If the Dutch have mastered the art of integrating the bicycle into their lives and landscape, then there’s no better place to exercise this national rite of passage than the sylvan Kröller Müller Museum, home to an impressive collection of works by Van Gogh, Picasso, Monet, and Mondrian, among scores of others, and, as it happens, some 1,700 white bicycles. The latter are the opportune means to behold the former.

Located on an estate in the town of Otterlo in the center of the country, the museum building is bordered by classical and contemporary sculpture gardens which, in turn, are surrounded by woodlands, grasslands, moors, and sand drifts covering some 60 acres, all within the Hoge Veluwe National Park.

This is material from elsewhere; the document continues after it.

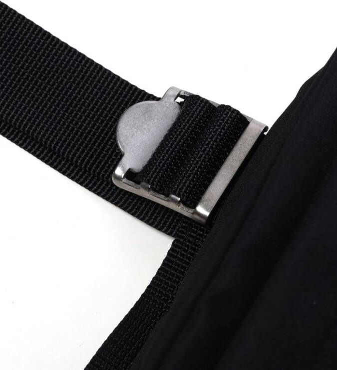 Zilverkleurig materiaal, logopatches aan de voorkant, ritssluiting aan de bovenzijde, gespsluiting, verstelbare schouderbandjes, voorzak met ritssluiting en hoofdvak.

The most invigorating and pleasurable access to the museum is by bicycle. Every one of those 1,700 bikes — each outfitted with a child’s seat – is available for visitors to use, and there are several bike paths to follow within the park. The longest routes, which begin at three different park entrances, are merely 4 kilometers (about 2 1/2 miles), and, being Holland, the paths are flat, firm, and friendly.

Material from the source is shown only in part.